Alternatives What are the most common types of private markets?
Transcript
Private markets can provide an opportunity to diversify investment portfolios beyond traditional assets like stocks and bonds. Let's take a look at some of the asset classes that make up the private markets ecosystem.
One of the most popular private market offerings is real estate, which can be accessed in a number of ways that don't involve directly owning physical properties. Real estate investment trusts, also known as REITs, allow investors to pool their capital to invest in a diversified portfolio of income-generating real estate assets. REITs can be an attractive option for investors seeking both cashflow and capital appreciation.
Private equity refers to investments made in non-publicly traded businesses. Private equity firms pool funds from investors and acquire ownership stakes in a diversified portfolio of companies with the goal of fostering growth and ultimately realizing a return on their investments.
Traditionally, the exclusive domain of institutional investors, private equity investment opportunities are becoming more accessible for individual investors.

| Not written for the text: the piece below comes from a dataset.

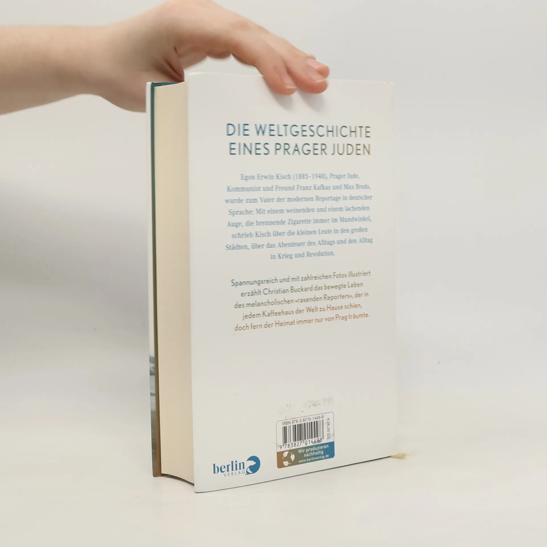 Die Weltgeschichte eines Prager Juden Egon Erwin Kisch (1885–1948), Prager Jude, Kommunist und Freund Franz Kafkas und Max Brods, wurde zum Vater der modernen Reportage in deutscher Sprache: Mit einem weinenden und einem lachenden Auge, die brennende Zigarette immer im Mundwinkel, schrieb Kisch über die kleinen Leute in den großen Städten, über das Abenteuer des Alltags und den Alltag in Krieg und Revolution. Das Leben des »rasenden Reporters« aus neuer Perspektive Spannungsreich und mit zahlreichen Fotos illustriert erzählt Christian Buckard das bewegte Leben des melancholischen »rasenden Reporters«, der in jedem Kaffeehaus der Welt zu Hause schien, doch fern der Heimat immer nur von Prag träumte. Zum 75. Todestag des Pioniers der modernen Reportage am 31. März 2023 Stimmen über Egon Erwin Kisch »Ich habe seine Reportagen verschlungen, die meisten auswendig gelernt. Für mich war Egon Erwin Kisch der 'Thomas Mann der Reportage'.« Billy Wilder »Sie sind mit dem Öl des wirklichen Erzählers gesalbt.« Alfred Döblin »Meiner Meinung nach kann man sich mit einem Fünftel Ihres Talents einen Nobelpreis zusammenschmieren, sofern man nichts von Ihrer Gesinnung mitbekommen hat.« Bertolt Brecht
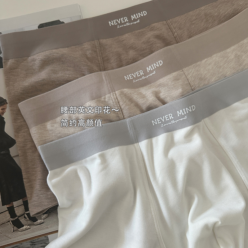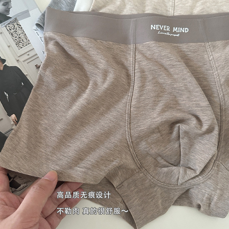 漫画感少年男士内裤无痕裸感秋冬咖色系温暖轻磨毛U凸裆纯色平角

Private credit involves lending capital directly to borrowers that are not publicly traded. Investing in private credit may help provide a diversified source of income and the potential for attractive risk-adjusted returns.
Real assets are tangible physical assets with intrinsic value, such as natural resources and infrastructure. Owning real assets may make sense for some individual investors given their intrinsic value and their potential to act as a hedge against inflation. Commodities are the raw inputs that are consumed in the production of goods. Commodities include things that are mined or extracted, such as metals and petroleum and agricultural products like wheat, cotton, and sugar. Direct ownership of physical commodities may involve significant storage costs and logistical challenges. Individual investors can choose to access the asset class through exchange-traded products or futures markets.
In summary, private markets can offer a variety of exposures, each with unique benefits and challenges. Investing in private market offerings can help individual investors enhance the diversification potential of a traditional portfolio of stocks and bonds.
Private markets offer diversification beyond traditional stocks and bonds. Key asset classes include real estate (via REITs), private equity, private credit, real assets, and commodities. These investments can enhance portfolio diversification potential and provide unique benefits and challenges.